• Data for this exercise:
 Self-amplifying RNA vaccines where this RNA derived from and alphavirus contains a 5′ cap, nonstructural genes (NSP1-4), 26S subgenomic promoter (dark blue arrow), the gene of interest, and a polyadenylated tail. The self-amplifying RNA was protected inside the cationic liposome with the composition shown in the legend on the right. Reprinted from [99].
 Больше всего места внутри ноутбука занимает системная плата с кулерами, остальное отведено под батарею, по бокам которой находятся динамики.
...
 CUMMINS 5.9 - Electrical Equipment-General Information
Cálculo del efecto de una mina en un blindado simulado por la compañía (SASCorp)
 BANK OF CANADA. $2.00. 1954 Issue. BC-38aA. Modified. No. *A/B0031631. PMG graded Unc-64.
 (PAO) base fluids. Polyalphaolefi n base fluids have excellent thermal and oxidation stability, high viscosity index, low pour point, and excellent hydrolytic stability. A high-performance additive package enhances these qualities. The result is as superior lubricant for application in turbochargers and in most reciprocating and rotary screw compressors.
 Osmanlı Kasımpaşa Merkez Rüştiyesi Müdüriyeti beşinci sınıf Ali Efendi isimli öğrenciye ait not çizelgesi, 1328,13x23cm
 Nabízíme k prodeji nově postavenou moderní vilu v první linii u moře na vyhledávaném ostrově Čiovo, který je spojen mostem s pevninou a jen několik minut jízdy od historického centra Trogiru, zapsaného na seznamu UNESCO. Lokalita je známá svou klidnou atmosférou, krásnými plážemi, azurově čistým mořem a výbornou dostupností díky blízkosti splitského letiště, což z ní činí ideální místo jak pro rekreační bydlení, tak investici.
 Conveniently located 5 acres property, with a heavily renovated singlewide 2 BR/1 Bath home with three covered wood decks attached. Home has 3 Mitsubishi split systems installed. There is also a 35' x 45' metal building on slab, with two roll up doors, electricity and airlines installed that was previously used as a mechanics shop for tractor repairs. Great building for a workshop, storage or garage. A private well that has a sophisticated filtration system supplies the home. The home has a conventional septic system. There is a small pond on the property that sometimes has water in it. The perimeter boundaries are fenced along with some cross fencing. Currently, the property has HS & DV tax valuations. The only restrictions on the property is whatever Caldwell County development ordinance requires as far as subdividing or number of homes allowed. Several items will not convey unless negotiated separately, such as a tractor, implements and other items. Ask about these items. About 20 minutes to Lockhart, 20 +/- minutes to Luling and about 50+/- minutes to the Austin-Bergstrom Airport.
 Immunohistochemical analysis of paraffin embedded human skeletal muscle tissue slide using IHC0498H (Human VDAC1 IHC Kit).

• Instructions for the task: Begin with the line that has "CUMMINS 5.9 - Electrical" in the listing above and end after the line that has "BANK OF CANADA."; output those lines exactly.

• Reply to the exercise:
 CUMMINS 5.9 - Electrical Equipment-General Information
Cálculo del efecto de una mina en un blindado simulado por la compañía (SASCorp)
 BANK OF CANADA. $2.00. 1954 Issue. BC-38aA. Modified. No. *A/B0031631. PMG graded Unc-64.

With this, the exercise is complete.